When the Unexpected Knocks: How Cancer Gave Audrey Angus Perspective

Audrey Angus, a swine specialist with Furst-McNess, opens up about her battle with cancer and how she refuses to let it define her.

Audrey Angus never wanted cancer to define her. However her battle with cancer did open her eyes in ways she never imagined. Pictured (l to r) are her sons Alex and Theo, Audrey and her husband, Jason.
Audrey Angus never wanted cancer to define her. However her battle with cancer did open her eyes in ways she never imagined. Pictured (l to r) are her sons Alex and Theo, Audrey and her husband, Jason.
(Photos by Mike and Trisha Hagg, provided by Audrey Angus.)

It was a morning from hell. Literally.

Jason Angus raced to a landlord’s farm to put out a fire, while his wife Audrey put their boys on the school bus. From out of nowhere, the family’s 6-month-old Labrador puppy ran under the bus chasing after a corn husk and was killed instantly. As Audrey soothed her tearful boys and Jason fought a fire, neither felt prepared for the biggest battle they would face next.

Audrey’s first day of chemotherapy was not off to a great start.

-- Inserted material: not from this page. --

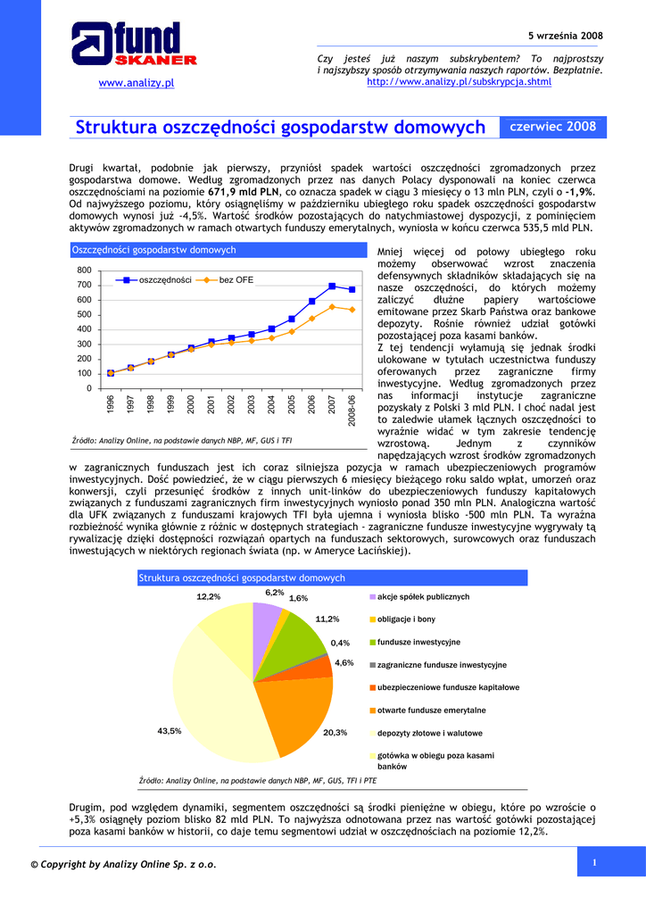 5 września 2008 Czy jesteś już naszym subskrybentem? To najprostszy i najszybszy sposób otrzymywania naszych raportów. Bezpłatnie. http://www.analizy.pl/subskrypcja.shtml www.analizy.pl Struktura oszczędności gospodarstw domowych czerwiec 2008 Drugi kwartał, podobnie jak pierwszy, przyniósł spadek wartości oszczędności zgromadzonych przez gospodarstwa domowe. Według zgromadzonych przez nas danych Polacy dysponowali na koniec czerwca oszczędnościami na poziomie 671,9 mld PLN, co oznacza spadek w ciągu 3 miesięcy o 13 mln PLN, czyli o -1,9%. Od najwyższego poziomu, który osiągnęliśmy w październiku ubiegłego roku spadek oszczędności gospodarstw domowych wynosi już -4,5%. Wartość środków pozostających do natychmiastowej dyspozycji, z pominięciem aktywów zgromadzonych w ramach otwartych funduszy emerytalnych, wyniosła w końcu czerwca 535,5 mld PLN. Oszczędności gospodarstw domowych 2008-06 2007 2006 2005 2004 2003 2002 2001 2000 1999 1998 1997 1996 Mniej więcej od połowy ubiegłego roku możemy obserwować wzrost znaczenia 800 defensywnych składników składających się na oszczędności bez OFE 700 nasze oszczędności, do których możemy 600 zaliczyć dłużne papiery wartościowe emitowane przez Skarb Państwa oraz bankowe 500 depozyty. Rośnie również udział gotówki 400 pozostającej poza kasami banków. 300 Z tej tendencji wyłamują się jednak środki 200 ulokowane w tytułach uczestnictwa funduszy oferowanych przez zagraniczne firmy 100 inwestycyjne. Według zgromadzonych przez 0 nas informacji instytucje zagraniczne pozyskały z Polski 3 mld PLN. I choć nadal jest to zaledwie ułamek łącznych oszczędności to wyraźnie widać w tym zakresie tendencję Źródło: Analizy Online, na podstawie danych NBP, MF, GUS i TFI wzrostową. Jednym z czynników napędzających wzrost środków zgromadzonych w zagranicznych funduszach jest ich coraz silniejsza pozycja w ramach ubezpieczeniowych programów inwestycyjnych. Dość powiedzieć, że w ciągu pierwszych 6 miesięcy bieżącego roku saldo wpłat, umorzeń oraz konwersji, czyli przesunięć środków z innych unit-linków do ubezpieczeniowych funduszy kapitałowych związanych z funduszami zagranicznych firm inwestycyjnych wyniosło ponad 350 mln PLN. Analogiczna wartość dla UFK związanych z funduszami krajowych TFI była ujemna i wyniosła blisko -500 mln PLN. Ta wyraźna rozbieżność wynika głównie z różnic w dostępnych strategiach - zagraniczne fundusze inwestycyjne wygrywały tą rywalizację dzięki dostępności rozwiązań opartych na funduszach sektorowych, surowcowych oraz funduszach inwestujących w niektórych regionach świata (np. w Ameryce Łacińskiej). Struktura oszczędności gospodarstw domowych 12,2% 6,2% akcje spółek publicznych 1,6% 11,2% 0,4% 4,6% obligacje i bony fundusze inwestycyjne zagraniczne fundusze inwestycyjne ubezpieczeniowe fundusze kapitałowe otwarte fundusze emerytalne 43,5% 20,3% depozyty złotowe i walutowe gotówka w obiegu poza kasami banków Źródło: Analizy Online, na podstawie danych NBP, MF, GUS, TFI i PTE Drugim, pod względem dynamiki, segmentem oszczędności są środki pieniężne w obiegu, które po wzroście o +5,3% osiągnęły poziom blisko 82 mld PLN. To najwyższa odnotowana przez nas wartość gotówki pozostającej poza kasami banków w historii, co daje temu segmentowi udział w oszczędnościach na poziomie 12,2%. © Copyright by Analizy Online Sp. z o.o. 1 5 września 2008 www.analizy.pl Czy jesteś już naszym subskrybentem? To najprostszy i najszybszy sposób otrzymywania naszych raportów. Bezpłatnie. http://www.analizy.pl/subskrypcja.shtml Mimo znacznie niższej dynamiki, największymi wygranymi w walce o oszczędności gospodarstw domowych w drugim kwartale 2008 roku wydają się być banki. W ich przypadku wzrost w ciągu 3 miesięcy wyniósł +2,6% co pozwoliło zwiększyć udział w oszczędnościach ogółem do poziomu 43,5%. To najwyższy wskaźnik od czerwca 2006, gdy udział bankowych depozytów oraz środków na rachunkach bieżących wynosił 43,7%. Ponad połowę z 292 mln PLN trzymanych w bankach stanowiły środki ulokowane na rachunkach bieżących (152,6 mln PLN), które odnotowały w skali 2 kwartału wzrost o +5,4%. To konsekwencja poszerzającej się oferty w zakresie kont oszczędnościowych, które do swojej oferty włącza coraz więcej banków i które spotykają się z coraz większym zainteresowaniem ze strony klientów. Jednak najszybszy wzrost w segmencie oszczędności bankowych odnotowaliśmy w przypadku depozytów z terminem zapadalności od 12 do 24 miesięcy, których wartość zwiększyła się o +10,5%. To z kolei rezultat aktywności, jaką na tym polu w walce o środki umożliwiające dalszy rozwój akcji kredytowej, podjęło kilka banków, oferując dla dwuletnich depozytów oprocentowanie na poziomie 8% rocznie. W przypadku pozostałych segmentów drugi kwartał przyniósł spadek zgromadzonych w nich środków. Największa zniżka stała się udziałem bezpośrednich inwestycji na rynku akcji, których wartość po spadku o -18% wyniosła według naszych szacunków 41,7 mld PLN. Dwucyfrowy spadek dotyczył również środków zgromadzonych przez osoby fizyczne w funduszach inwestycyjnych oferowanych przez krajowe TFI, które w ten sposób spadły na czwarte miejsce pod względem udziału w oszczędnościach ogółem. Tomasz Publicewicz Analizy Online Spółka Analizy Online jest niezależną firmą analityczną zajmującą się monitoringiem rynku polskich i zagranicznych instytucji zbiorowego lokowania środków: funduszy inwestycyjnych, emerytalnych oraz ubezpieczeniowych funduszy kapitałowych). W zakres analiz rynku funduszy wchodzą między innymi rankingi funduszy, ocena efektywności działań zarządzających oraz analiza ich wpływu na polski rynek finansowy. Zakres działalności firmy obejmuje również monitoring rynku produktów strukturyzowanych, zmian akcj

“What we already knew was going to be a bad day had a series of follies that no one could have written a script for,” Jason says.

When the unexpected knocks
In fact, the entire situation was like that – unexpected. When Audrey turned 40, she was encouraged to get her first mammogram. She was young, healthy and active. Between balancing her most important job as mother to two busy boys – Alex, 7, and Theo, 5 – serving as a full-time swine specialist with Furst-McNess, and working as a full-time farm wife, Audrey says it was a few months before she actually found time to make the appointment.

“I thought nothing of it,” she says, recalling her mammogram on Halloween, and so she went back to her busy life. She was in Chicago touring the Field Museum with her sister on a Saturday morning when her doctor called.

She remembers bits and pieces of the conversation. Stage one, grade three. Highly aggressive. Oncologist. Treatment plan.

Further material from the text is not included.